EmComm should be considered a method of operating, not an activity. The method can be used to perform a service for an agency or it can be used just to keep up our skills of self-sufficient operations.

We shouldn't think of EmComm as ARES or RACES or SKYWARN. Those are groups that use EmComm methods, but isn't EmComm also just a guy who decided to set up a battery-powered station just to see what he could do in that sort of situation?

EmComm folks have all sorts of reasons for being involved with this aspect of amateur radio. For some it's a formal thing: official affiliation, official ID card, official SKYWARN logo, etc. For others it's just a challenge to see what they can do off the grid and with parts they had in the garage.

As for the training and background checks: those are requirements of the served agencies, so many groups that offer services to those agencies require the training and checks to be listed as a deployable volunteer. It's the agencies driving it, not ARES or the ARRL.

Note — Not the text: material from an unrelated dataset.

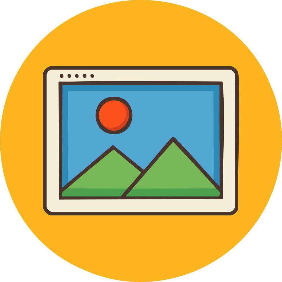 Illustration of a device displaying mountains and a sun inside of a yellow circle Pro Vector
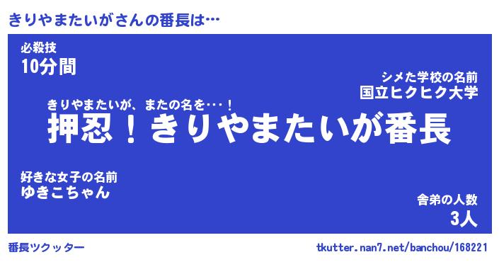 | 肩書あだ名 | 『きりやまたいが御曹司』 |

The Department of Homeland Security and FEMA require NIMS and ICS training of all agencies that wish to participate in federal assistance programs. Perhaps it makes us uncomfortable but it makes sense. One of the biggest communications failures of 9/11 wasn't the elimination of the grid but the inability of multiple organizations to effectively communicate due to lack of technical interoperability and difference in radio lingo. Homeland Security Presidential Directives 5 & 8 were established to help address those issues, among many others.

Effective mitigation of an incident requires that all those participating be operating under the same umbrella, with the same incident action plan. The only way to ensure that is to have a singular system (the National Incident Management System) with a singular command structure (Incident Command System). This includes communications so, amateur radio operators who wish to volunteer their services to assist agencies need to have that training. The same holds true for people who want to volunteer as firefighters, EMTs, hospital workers, disaster assistance workers, etc.

If a ham doesn't want to go through that training, fine. He or she can still be involved in EmComm and is still a valuable resource. Shunning hams who dig EmComm just because they aren't affiliated with an ARES group or just because they don't understand message handling or NVIS is just unfriendly.

No ham is "more EmComm" than another just because he has  completed FEMA's Independent Study courses and passed a background check.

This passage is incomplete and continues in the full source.